Earnings have surprised on the upside, and whilst there are winners and losers out there, overall sentiment has been buoyant.
Market sentiment of late has been undoubtedly helped by another of Trump’s extensions to a deadline, and investors seemingly were looking beyond the current conflict. Brent crude oil dropped more than 10% to below $100 a barrel for the first time since late April on the news.
There is also a case to suggest that uncertainty and volatility are so ingrained in our everyday psyche now that it has created a form of malaise amongst investors. All this comes at a time when inflation is expected to rise, with a knock-on effect for interest rates. The question is, when will this start to feed into economies? There are signs everywhere!
On analysis, the concern is that in the S&P 500, the uplift in returns is concentrated in just a handful of technology stocks.
Reality has returned for markets over the last couple of days as the oil price has rebounded and Asian stocks fell from a record high, following the news that the US hit Iranian targets in response to attacks on Navy warships.

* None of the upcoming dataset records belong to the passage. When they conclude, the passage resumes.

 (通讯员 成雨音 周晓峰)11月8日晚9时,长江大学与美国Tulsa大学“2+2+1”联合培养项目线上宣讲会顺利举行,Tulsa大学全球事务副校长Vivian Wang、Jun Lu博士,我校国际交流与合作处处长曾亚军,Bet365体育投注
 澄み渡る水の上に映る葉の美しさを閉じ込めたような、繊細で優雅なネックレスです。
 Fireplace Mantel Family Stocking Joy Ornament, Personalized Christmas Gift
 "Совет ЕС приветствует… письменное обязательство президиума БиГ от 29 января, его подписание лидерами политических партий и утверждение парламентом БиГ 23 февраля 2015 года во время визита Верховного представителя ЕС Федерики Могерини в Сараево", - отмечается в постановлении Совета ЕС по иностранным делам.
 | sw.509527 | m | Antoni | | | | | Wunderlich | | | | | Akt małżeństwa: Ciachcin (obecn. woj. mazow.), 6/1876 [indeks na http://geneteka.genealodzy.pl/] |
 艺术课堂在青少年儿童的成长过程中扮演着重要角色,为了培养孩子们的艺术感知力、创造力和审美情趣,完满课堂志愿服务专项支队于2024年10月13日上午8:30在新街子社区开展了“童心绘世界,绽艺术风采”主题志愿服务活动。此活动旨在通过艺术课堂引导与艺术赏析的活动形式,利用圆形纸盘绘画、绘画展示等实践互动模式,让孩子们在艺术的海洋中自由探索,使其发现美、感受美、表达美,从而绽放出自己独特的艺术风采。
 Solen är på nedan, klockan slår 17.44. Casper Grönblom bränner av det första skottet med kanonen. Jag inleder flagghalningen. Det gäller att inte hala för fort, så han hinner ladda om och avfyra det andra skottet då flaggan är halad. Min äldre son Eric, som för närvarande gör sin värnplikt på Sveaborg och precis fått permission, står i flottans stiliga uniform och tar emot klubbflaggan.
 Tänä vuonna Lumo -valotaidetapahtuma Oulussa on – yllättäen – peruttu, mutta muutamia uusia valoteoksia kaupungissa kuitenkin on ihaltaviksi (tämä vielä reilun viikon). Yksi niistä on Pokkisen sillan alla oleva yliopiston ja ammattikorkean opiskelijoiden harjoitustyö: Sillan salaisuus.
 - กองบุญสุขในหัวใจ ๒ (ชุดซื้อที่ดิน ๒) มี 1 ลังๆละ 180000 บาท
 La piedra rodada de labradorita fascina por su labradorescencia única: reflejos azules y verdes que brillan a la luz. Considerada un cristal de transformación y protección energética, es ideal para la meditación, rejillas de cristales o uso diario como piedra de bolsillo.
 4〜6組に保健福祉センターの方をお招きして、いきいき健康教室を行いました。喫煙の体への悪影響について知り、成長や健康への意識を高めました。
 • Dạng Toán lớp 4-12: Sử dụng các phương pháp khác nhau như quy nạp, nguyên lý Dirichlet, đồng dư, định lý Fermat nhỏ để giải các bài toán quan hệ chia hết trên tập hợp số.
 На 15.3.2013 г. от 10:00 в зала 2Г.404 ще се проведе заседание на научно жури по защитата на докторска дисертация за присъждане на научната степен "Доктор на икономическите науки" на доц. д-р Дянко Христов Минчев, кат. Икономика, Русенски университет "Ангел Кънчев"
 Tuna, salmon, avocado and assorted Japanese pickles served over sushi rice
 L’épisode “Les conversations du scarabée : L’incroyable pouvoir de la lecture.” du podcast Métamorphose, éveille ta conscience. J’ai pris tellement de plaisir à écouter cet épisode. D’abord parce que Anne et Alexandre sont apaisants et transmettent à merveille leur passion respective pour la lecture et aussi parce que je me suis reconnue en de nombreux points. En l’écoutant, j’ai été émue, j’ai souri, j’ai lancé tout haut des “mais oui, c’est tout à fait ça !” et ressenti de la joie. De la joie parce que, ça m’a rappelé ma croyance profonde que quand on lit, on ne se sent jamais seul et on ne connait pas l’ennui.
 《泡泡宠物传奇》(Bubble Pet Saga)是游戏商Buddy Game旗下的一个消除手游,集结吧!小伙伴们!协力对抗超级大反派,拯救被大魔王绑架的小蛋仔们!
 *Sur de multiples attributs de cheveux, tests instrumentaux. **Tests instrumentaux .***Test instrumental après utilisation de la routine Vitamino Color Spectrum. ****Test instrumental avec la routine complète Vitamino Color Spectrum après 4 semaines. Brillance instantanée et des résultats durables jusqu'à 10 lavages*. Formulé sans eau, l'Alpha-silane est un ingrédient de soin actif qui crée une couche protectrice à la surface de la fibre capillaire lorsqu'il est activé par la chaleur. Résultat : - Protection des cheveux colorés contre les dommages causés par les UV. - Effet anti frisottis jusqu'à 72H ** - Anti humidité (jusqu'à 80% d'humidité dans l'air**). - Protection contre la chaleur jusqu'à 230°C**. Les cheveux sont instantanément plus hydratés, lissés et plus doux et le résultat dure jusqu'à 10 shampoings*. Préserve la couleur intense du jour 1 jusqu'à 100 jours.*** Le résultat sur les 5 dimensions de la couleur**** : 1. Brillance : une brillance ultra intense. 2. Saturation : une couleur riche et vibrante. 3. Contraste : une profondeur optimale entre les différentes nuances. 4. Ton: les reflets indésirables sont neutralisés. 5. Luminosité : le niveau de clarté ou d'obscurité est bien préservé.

Uncertainty reigns in the UK. The local elections are reinforcing the dissatisfaction with the Labour party, and the gilt market doesn’t like the uncertainty that comes with this territory. Property prices aren’t as buoyant as expected, there is no longer a mortgage war whereby lenders are driving down rates to compete for market share and, to boot, the government’s borrowing costs are now the highest since 1998.
Outside of the UK, opportunities present themselves.
This week’s content:
- Investor confidence in the UK remains, but it’s waning
- UK gilt markets see yields and borrowing cost rise
- Fatigue is setting in
- US markets driven up by a handful of stocks
- Emerging market excitement
- Samsung capitalises at $1 trillion
- Nothing ever stays the same
- Global Equity Performance
- Conclusion
Investor confidence in the UK remains, but it’s waning
Not helped by the local elections, of course, with questions being posed about how long the current leadership can last. Markets-wise, UK retail investors still seem to have some confidence in the UK economy, but this is beginning to wane.
The possibility of higher inflation comes as rising political risks in the UK also unsettle investors. The election results so far don’t look good for Labour, and the fear is that this could pave the way for a further ‘shift to the left’ and a loosening in the government’s fiscal rules, which investors have warned against.
Dan Moczulski, UK Managing Director at e-Toro, said the data shows “UK investors are becoming more selective and more discerning”.
He continued: “They are able to separate confidence in individual UK success stories such as Rolls-Royce, from a more cautious view of the broader economic outlook. That is shaping a more open attitude to diversification. Whilst they still back strong companies at home, there is a growing sense that some of the bigger opportunities may lie beyond the UK, whether that is commodities like gold and oil or overseas markets.”
Continues…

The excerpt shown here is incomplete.